Buckyball Prototype Accelerators
This directory contains prototype implementations of various domain-specific computation accelerators in the Buckyball framework, covering hardware accelerator designs for machine learning, numerical computation, and data processing domains.
Directory Structure
prototype/
├── format/ - Data format conversion accelerators
├── im2col/ - Image-to-column transformation accelerator
├── matrix/ - Matrix computation accelerators
├── relu/ - ReLU activation accelerator
├── transpose/ - Matrix transpose accelerator
└── vector/ - Vector processing unit
Accelerator Components
format/ - Data Format Processing
Implements hardware acceleration for various data format conversions and arithmetic operations:
- Arithmetic.scala: Custom arithmetic operation units
- Dataformat.scala: Data format conversion and encoding
Key Features:
- Support for multiple data formats (INT8, FP16, FP32, BBFP)

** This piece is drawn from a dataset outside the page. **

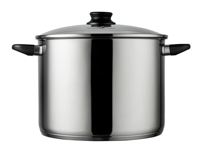 Stockpot with lid and basket 15 litres18/8 steel.Glass lid with steam vent.Bakelite grip.Internal measurement scale.All heat sources including induction.Tutustu ominaisuuksiin

- Abstract arithmetic interface for extensibility
- Concrete implementations for different data types
Use Cases:
- Floating-point format conversion
- Fixed-point arithmetic optimization
- Data compression and decompression
- Mixed-precision computation
im2col/ - Image Processing Acceleration
Specialized accelerator for im2col operations in convolutional neural networks:
- im2col.scala: Hardware implementation of image-to-column matrix transformation
Key Features:
- Configurable kernel size and stride
- Efficient data reorganization for convolution
- Pipeline-based processing for high throughput
- Support for different input dimensions
Use Cases:
- CNN convolution layer acceleration
- Image preprocessing pipeline
- Feature extraction optimization
- Memory-efficient convolution implementation
matrix/ - Matrix Computation Engine
Matrix computation accelerator implementation with multiple modules:
Core Components:
- bbfpIns_decode.scala: Instruction decoder for matrix operations
- bbfp_load.scala: Data loading unit for matrix operands
- bbfp_ex.scala: Execution unit for matrix multiplication
- bbfp_pe.scala: Processing Element (PE) array implementation
- bbfp_control.scala: Control logic for matrix operations
PE Array Architecture:
- BBFP_PE: Individual processing element with weight stationary mode
- BBFP_PE_Array2x2: 2×2 PE array building block
- BBFP_PE_Array16x16: 16×16 PE array for high-performance computing
- Systolic array dataflow for efficient matrix multiplication
Supported Formats:
- INT8 integer arithmetic
- FP16 half-precision floating-point
- FP32 single-precision floating-point
- BBFP (Brain Floating Point) custom format
Use Cases:
- Deep learning training and inference
- Scientific computing acceleration
- Linear algebra operations
- High-performance GEMM operations
relu/ - ReLU Activation
Efficient hardware implementation of ReLU (Rectified Linear Unit) activation:
- Relu.scala: Pipelined ReLU accelerator
Key Features:
- Element-wise ReLU computation
- Configurable tile size
- Pipeline-based processing
- Integrated with scratchpad memory
Use Cases:
- Neural network activation layers
- Non-linear transformation
- Post-convolution activation
transpose/ - Matrix Transpose
Efficient hardware implementation for matrix transpose operations:
- Transpose.scala: Matrix transpose accelerator
Key Features:
- Tile-based transpose for large matrices
- Optimized memory access patterns
- Configurable tile size
- Pipeline-based implementation
Use Cases:
- Matrix operation preprocessing
- Data reorganization and transformation
- Memory access pattern optimization
- Transpose in GEMM operations
vector/ - Vector Processing Unit
Vector processing architecture supporting SIMD and multi-threading:
Core Components:
- VecUnit.scala: Vector processor top-level module
- VecCtrlUnit.scala: Vector control unit for instruction dispatch
- VecLoadUnit.scala: Vector load unit for data fetching
- VecEXUnit.scala: Vector execution unit with multiple functional units
- VecStoreUnit.scala: Vector store unit for result write-back
Submodules:
-
bond/: Binding and synchronization mechanisms
- Various bond types (VSSBond, VVVBond, VSVBond, VVSBond, VVBond)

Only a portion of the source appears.